Below are records; say how many of their lines include the word "from", giving nothing but the number.

> _Materials provided_:
=== Section Start ===

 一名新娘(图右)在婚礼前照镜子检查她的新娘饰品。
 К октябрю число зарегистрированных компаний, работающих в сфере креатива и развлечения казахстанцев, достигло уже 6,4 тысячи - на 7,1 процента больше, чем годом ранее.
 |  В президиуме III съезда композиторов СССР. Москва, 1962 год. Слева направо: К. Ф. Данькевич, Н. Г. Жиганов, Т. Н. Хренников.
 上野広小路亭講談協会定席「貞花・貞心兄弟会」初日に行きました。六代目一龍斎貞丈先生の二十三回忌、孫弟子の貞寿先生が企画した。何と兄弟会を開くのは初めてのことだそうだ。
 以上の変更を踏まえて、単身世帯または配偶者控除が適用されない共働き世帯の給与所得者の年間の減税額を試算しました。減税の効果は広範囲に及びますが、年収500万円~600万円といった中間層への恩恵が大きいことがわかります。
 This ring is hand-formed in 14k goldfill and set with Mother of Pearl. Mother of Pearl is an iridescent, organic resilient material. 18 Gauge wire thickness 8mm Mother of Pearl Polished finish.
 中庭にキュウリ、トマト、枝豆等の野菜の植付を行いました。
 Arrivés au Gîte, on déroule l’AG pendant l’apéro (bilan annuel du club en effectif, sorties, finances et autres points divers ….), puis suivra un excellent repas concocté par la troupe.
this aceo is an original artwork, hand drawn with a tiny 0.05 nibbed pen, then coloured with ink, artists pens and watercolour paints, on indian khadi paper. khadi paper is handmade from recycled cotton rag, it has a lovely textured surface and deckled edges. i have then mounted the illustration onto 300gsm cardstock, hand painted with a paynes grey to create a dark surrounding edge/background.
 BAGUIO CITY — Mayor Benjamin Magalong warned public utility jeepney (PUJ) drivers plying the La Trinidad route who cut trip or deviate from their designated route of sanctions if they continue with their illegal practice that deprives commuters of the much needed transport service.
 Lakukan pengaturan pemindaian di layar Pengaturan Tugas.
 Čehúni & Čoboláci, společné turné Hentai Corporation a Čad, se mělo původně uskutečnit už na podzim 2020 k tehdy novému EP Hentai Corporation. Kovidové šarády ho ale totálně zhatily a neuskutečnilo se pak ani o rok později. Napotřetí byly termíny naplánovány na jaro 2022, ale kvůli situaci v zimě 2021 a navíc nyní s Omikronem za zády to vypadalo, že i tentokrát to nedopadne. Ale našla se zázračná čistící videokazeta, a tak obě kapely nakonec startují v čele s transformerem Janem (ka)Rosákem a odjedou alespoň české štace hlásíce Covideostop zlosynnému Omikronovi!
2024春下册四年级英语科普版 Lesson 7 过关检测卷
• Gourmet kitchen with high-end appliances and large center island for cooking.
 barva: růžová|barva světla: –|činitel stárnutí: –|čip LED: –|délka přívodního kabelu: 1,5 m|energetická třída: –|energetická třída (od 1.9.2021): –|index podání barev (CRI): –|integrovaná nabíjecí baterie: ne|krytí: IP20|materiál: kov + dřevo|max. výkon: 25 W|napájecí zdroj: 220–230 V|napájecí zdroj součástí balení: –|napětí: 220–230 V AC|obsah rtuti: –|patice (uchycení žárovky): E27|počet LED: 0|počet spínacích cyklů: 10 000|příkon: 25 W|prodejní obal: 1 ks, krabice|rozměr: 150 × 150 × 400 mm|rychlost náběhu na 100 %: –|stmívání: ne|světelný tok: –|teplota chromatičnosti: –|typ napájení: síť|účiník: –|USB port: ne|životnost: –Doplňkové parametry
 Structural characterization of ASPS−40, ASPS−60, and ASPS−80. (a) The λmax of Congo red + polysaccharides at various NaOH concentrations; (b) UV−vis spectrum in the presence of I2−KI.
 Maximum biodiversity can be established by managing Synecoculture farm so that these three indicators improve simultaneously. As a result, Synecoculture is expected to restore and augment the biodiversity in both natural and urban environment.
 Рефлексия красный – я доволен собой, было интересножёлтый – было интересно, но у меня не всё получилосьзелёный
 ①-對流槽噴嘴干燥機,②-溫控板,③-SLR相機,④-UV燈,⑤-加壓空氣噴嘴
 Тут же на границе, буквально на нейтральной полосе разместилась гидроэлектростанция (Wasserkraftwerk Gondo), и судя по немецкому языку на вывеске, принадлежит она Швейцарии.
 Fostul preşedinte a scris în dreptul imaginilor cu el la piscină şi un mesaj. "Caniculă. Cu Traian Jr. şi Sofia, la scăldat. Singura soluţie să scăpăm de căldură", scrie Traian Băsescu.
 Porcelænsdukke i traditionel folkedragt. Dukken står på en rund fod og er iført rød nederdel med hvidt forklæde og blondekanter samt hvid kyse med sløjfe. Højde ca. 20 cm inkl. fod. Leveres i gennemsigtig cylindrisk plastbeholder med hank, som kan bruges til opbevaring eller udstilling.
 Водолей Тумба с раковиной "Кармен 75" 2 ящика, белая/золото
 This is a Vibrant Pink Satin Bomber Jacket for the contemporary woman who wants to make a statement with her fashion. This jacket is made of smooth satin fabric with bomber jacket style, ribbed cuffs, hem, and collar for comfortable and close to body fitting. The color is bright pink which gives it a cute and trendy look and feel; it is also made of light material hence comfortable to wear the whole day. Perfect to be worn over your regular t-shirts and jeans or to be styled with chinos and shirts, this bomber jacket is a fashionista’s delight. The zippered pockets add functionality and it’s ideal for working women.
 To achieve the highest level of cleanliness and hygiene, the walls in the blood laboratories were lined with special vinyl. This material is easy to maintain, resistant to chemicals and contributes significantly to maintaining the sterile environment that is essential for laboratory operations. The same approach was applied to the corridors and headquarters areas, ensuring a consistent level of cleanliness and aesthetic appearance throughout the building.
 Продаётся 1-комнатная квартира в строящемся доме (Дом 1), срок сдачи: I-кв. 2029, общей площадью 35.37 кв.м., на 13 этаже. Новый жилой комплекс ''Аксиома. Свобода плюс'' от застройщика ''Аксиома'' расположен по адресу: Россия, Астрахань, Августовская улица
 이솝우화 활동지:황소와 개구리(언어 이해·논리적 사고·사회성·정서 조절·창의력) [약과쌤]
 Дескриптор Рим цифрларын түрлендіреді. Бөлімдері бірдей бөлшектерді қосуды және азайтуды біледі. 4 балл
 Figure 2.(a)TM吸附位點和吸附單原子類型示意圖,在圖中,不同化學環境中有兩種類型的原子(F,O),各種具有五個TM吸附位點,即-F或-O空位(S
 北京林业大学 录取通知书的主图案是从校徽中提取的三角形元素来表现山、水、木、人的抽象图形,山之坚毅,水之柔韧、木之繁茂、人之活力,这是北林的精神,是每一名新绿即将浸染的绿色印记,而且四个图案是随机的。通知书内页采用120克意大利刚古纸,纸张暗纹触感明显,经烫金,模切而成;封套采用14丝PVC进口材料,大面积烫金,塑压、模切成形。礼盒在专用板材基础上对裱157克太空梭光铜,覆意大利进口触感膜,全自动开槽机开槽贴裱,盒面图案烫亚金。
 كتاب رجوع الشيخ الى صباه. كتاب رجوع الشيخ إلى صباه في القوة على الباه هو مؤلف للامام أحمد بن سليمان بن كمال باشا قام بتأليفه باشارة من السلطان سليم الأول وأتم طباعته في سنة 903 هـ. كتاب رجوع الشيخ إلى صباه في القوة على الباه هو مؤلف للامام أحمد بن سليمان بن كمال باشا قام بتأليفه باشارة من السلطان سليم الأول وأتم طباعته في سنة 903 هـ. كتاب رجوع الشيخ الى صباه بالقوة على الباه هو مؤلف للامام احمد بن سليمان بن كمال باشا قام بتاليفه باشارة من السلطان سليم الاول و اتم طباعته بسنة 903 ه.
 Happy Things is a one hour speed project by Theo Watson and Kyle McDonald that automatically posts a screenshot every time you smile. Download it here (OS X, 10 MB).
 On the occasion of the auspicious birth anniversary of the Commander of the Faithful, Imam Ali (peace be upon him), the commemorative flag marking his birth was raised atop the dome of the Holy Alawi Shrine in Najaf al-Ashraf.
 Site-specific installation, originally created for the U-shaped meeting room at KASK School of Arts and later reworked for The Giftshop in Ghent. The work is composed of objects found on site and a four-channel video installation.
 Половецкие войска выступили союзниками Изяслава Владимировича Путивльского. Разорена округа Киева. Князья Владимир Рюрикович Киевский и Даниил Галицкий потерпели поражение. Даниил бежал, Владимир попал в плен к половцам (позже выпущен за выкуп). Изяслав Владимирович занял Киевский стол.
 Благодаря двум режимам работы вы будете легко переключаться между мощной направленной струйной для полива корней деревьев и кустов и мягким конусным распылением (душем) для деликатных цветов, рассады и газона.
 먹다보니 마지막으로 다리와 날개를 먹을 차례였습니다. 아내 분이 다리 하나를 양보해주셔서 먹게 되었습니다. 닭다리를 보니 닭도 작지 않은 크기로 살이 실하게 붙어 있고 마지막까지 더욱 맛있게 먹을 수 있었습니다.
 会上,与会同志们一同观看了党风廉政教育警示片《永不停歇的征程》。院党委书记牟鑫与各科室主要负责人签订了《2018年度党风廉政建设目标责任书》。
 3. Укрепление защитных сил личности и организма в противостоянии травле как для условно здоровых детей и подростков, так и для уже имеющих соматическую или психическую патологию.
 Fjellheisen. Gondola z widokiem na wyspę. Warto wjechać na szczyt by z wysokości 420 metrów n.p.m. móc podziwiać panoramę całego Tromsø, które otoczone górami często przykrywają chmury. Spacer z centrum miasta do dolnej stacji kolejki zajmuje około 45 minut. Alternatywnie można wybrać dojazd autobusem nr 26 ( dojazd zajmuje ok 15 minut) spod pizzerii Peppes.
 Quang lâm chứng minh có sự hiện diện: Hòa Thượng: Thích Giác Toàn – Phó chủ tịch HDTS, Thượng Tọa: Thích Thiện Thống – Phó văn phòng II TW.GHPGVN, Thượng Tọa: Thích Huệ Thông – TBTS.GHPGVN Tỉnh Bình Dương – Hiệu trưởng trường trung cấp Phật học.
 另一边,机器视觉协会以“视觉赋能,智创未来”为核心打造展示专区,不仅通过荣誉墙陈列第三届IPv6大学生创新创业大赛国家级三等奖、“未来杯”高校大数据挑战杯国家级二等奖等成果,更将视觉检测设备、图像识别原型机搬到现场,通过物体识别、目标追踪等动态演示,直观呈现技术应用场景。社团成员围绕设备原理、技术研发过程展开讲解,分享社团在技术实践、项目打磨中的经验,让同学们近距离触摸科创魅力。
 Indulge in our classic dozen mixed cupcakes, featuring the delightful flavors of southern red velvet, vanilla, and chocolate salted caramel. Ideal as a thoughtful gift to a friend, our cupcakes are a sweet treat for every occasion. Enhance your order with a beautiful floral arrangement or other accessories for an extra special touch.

=== Section End ===

> _Exercise output_:
2